Are You Born with Alcoholism? | Genetics of Alcoholism

Robert Gerchalk

Robert is our health care professional reviewer of this website. He worked for many years in mental health and substance abuse facilities in Florida, as well as in home health (medical and psychiatric), and took care of people with medical and addictions problems at The Johns Hopkins Hospital in Baltimore. He has a nursing and business/technology degrees from The Johns Hopkins University.

Think you have a drinking problem?

If you suspect you might have a drinking problem, don't wait to seek help. Call our hotline now for confidential advice, support, and the first step towards understanding your relationship with alcohol and beginning your journey to recovery.

Are You Born With Alcoholism?

Scientists have found that people with a certain genetic makeup may be predisposed to alcoholism.

Researchers have identified a specific genetic variant that is associated with an increased risk for developing alcoholism. This variant is present in about 30 percent of the population, and those who have it are about 50 percent more likely to develop alcoholism than those who don’t.

This finding confirms what many addiction experts have long suspected: that alcoholism is not simply a matter of willpower or poor moral character, but is a complex disease with roots in both biology and environment.

If you have this genetic variant, it doesn’t mean that you will definitely become an alcoholic. But it does mean that you’re more susceptible to the disease, and that you may need to take extra precautionary measures to protect yourself from its potentially harmful effects.

According to the National Institute on Alcohol Abuse and Alcoholism (NIAAA), alcoholism is a disease that includes four symptoms:

Craving alcohol

Loss of control over alcohol consumption

Physical dependence on alcohol

Tolerance to alcohol

Although there is no single cause of alcoholism, there are risk factors that may make someone more likely to develop the disease. These include genetics, family history, mental health, and social environment.

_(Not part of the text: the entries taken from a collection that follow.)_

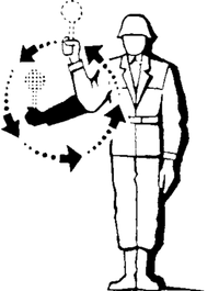 ![]() | Arbeit aufnehmenAnfangen! Arbeit aufnehmen! Motor anlassen!Drehbewegung mit dem Arm (Winkerkelle) seitlich des Körpers |
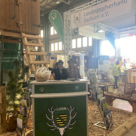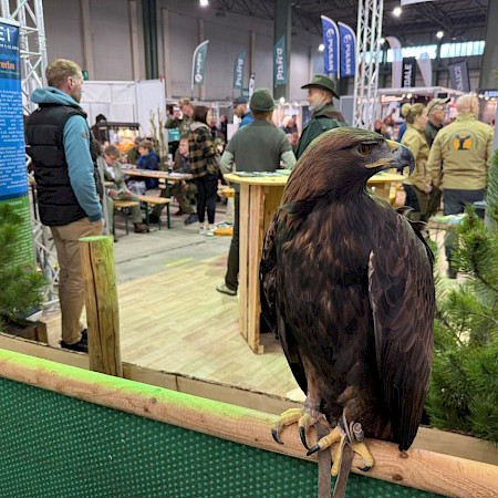 Am Stand des DFO-Landesverbands Sachsen konnten die Messegäste Beizvögel aus nächster Nähe erleben – darunter Steinadler, Falken und Bussarde. Fachkundige Falkner erklärten die Besonderheiten der einzelnen Arten, ihre Jagdtechniken und die anspruchsvolle Ausbildung der Vögel. Besonders eindrucksvoll war die Erläuterung zum Abtragen – jener Phase, in der der Vogel Vertrauen zu seinem Falkner aufbaut und schrittweise an die Umwelt gewöhnt wird.
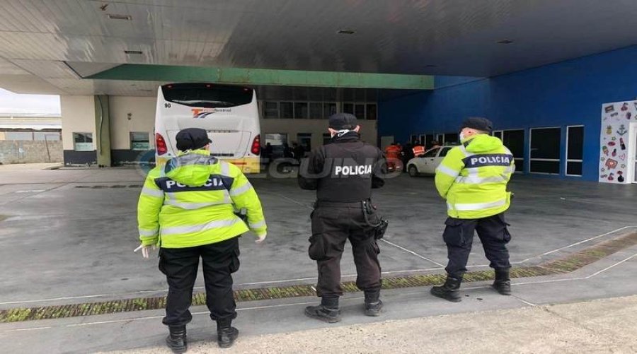 Un inusual movimiento de funcionarios y fuerzas de seguridad se verificó hoy en la Terminal de Ómnibus de Río Grande, tras el arribo de un colectivo de la empresa Tecni Austral, proveniente de Punta Arenas.
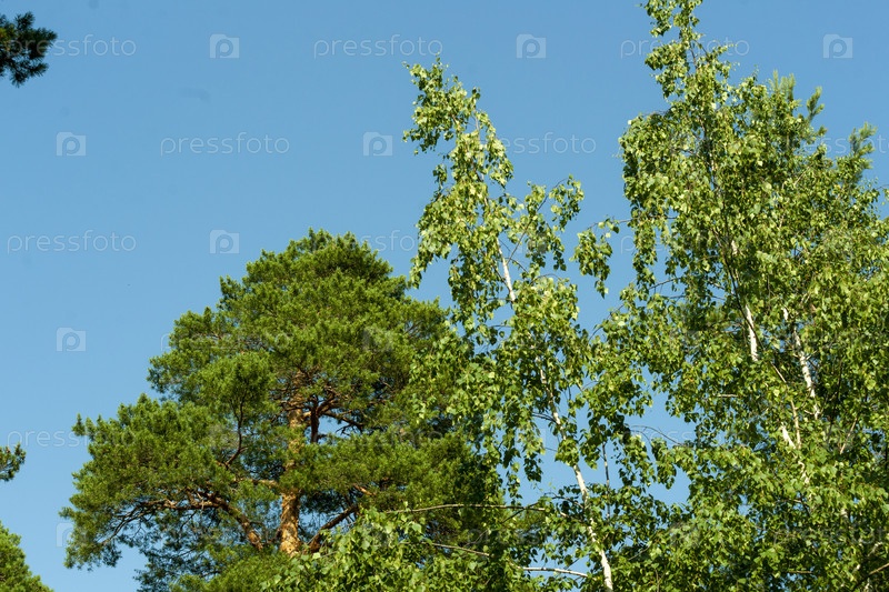 Вершины березы и сосны на голубом небе
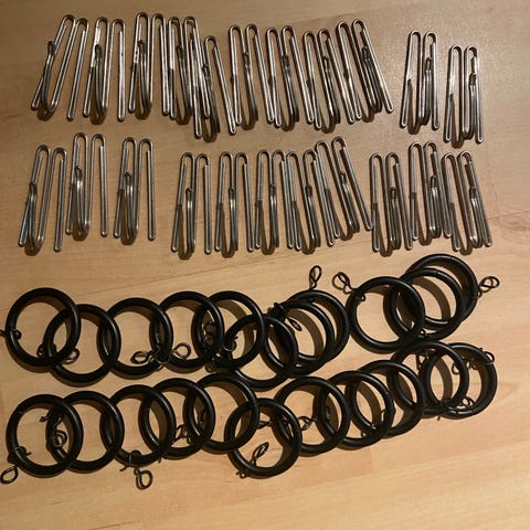 Jobber med et lite hjemmeprosjekt og trenger noen lengder med gardinstenger, trenger også holdere til stengene.
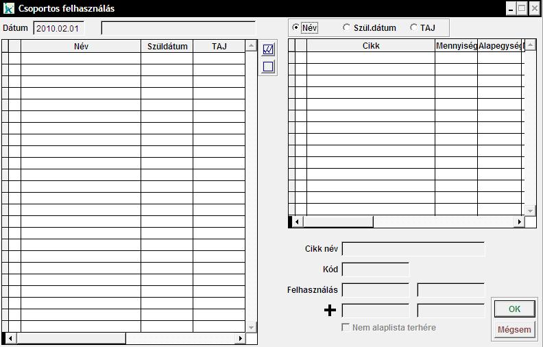 A kiválasztott gondozottak utolsó egyéni felhasználása alapján átvezethetjük az aktuális dátumra a gyógyszerfelhasználásokat. Ehhez válasszuk ki az átvezetni kívánt gondozottakat, majd nyomjuk meg az 'OK'gombot.

Some people may be born with a genetic predisposition to alcoholism. This means that they have genes that make them more likely to develop the disease. Family history is also a risk factor. If your parents or grandparents struggled with alcoholism, you may be more likely to as well.

Mental health can also play a role in alcoholism. People who struggle with depression, anxiety, or other mental health disorders may be more likely to turn to alcohol as a way to cope. And finally, social environment can be a factor. If you spend time around people who drink often or who don’t discourage heavy drinking, you may be more likely to develop alcoholism yourself.

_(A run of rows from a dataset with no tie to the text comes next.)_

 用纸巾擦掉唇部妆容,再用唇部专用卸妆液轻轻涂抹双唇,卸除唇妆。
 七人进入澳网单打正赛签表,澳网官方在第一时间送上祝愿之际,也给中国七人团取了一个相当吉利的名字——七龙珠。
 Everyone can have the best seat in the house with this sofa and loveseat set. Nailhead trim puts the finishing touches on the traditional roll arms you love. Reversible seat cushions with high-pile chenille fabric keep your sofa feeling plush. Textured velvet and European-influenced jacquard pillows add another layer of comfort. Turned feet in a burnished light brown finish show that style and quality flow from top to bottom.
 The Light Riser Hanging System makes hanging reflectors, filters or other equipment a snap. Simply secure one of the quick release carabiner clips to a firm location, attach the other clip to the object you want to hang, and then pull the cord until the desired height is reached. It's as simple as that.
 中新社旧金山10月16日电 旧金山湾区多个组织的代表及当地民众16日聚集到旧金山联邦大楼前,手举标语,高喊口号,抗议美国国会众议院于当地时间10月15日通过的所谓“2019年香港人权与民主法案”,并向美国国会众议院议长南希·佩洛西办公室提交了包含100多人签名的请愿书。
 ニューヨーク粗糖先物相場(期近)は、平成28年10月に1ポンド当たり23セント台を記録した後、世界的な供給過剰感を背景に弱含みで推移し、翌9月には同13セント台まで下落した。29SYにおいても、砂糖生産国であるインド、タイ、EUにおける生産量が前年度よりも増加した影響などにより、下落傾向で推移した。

Are You Born With Alcoholism?

According to the National Institute on Alcohol Abuse and Alcoholism (NIAAA), alcoholism is a disease that includes four symptoms:

Craving alcohol
Loss of control over alcohol consumption
Physical dependence on alcohol
Tolerance to alcohol

Although there is no single cause of alcoholism, there are risk factors that may make someone more likely to develop the disease. These include genetics, family history, mental health, and social environment.

Some people may be born with a genetic predisposition to alcoholism. This means that they have genes that make them more likely to develop the disease. Family history is also a risk factor. If your parents or grandparents struggled with alcoholism, you may be more likely to as well.

Mental health can also play a role in alcoholism. People who struggle with depression, anxiety, or other mental health disorders may be more likely to turn to alcohol as a way to cope. And finally, social environment can be a factor. If you spend time around people who drink often or who don’t discourage heavy drinking, you may be more likely to develop alcoholism yourself.

Concerned About Your Drinking?

We Can Help!

Understanding your relationship with alcohol is the first step towards making informed decisions about your health and well-being. Whether you’re questioning your drinking habits or seeking support, we’re here to help.